MS analysis of UV-cross-linked DENV-2 NS5 and NITD-29 complex. (A) Partial MALDI-MS traces of compound-cross-linked (left) and control (right) NS5 tryptic digests showing the differential peak at m/z 2,048.87. (B) MSMS spectrum of m/z 2,048.87 with insets to illustrate compound cross-linking (top) and peak assignment of the observed fragment ions (bottom).

FIG. 6.

Binding site of NITD-29 in the DENV RdRp domain. (A) Three-dimensional model of NITD-29 in complex with DENV RdRp. The model was built on the results of UV cross-linking, MS analysis, and the crystal structure of DENV-3 RdRp (43). Three RdRp subdomains (thumb, fingers, and palm) are indicated. The RNA tunnel and NTP entrance are circled with dotted lines. NITD-29 is shown in green.
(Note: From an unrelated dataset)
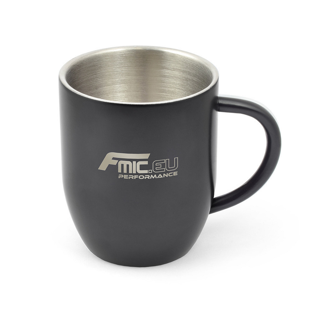 Elegancki, czarny kubek FMIC.EU o pojemności 380 ml z dwiema ściankami ze stali nierdzewnej. Wewnątrz stal o podwyższonej jakości 18/8. Pokryty błyszczącym lakierem. Nadruk wykonany jest z najwyższej jakości graweru tak, aby utrzymywał się jak najdłużej. Rozmiar logo: 40x40 mm. Średnica kubka: 8,2 cm. Wysokość kubka: 9,8 cm.

Three critical residues for interaction with the compound are labeled in red: M343 was cross-linked to NITD-29; R737 and T413 are within a hydrogen bond distance from the compound. (Left panel) Surface view; (right panel) ribbon view; (middle panel) magnified surface view of the compound binding site (the RdRp protein was set to partial transparency to view the complete molecule of NITD-29). The images were produced by using PyMOL software (6). (B) IC₅₀s from RdRp assays with different orders of reagent assembly. Different orders of reagent addition (RNA template and NITD-2 inhibitor) during reaction assembly are depicted. The IC₅₀s were determined for each experimental scheme. The experiments were performed using poly(C)/oligo(G)₂₀ as a template in the SPA format. The abbreviations are indicated. See Materials and Methods for reagent concentrations.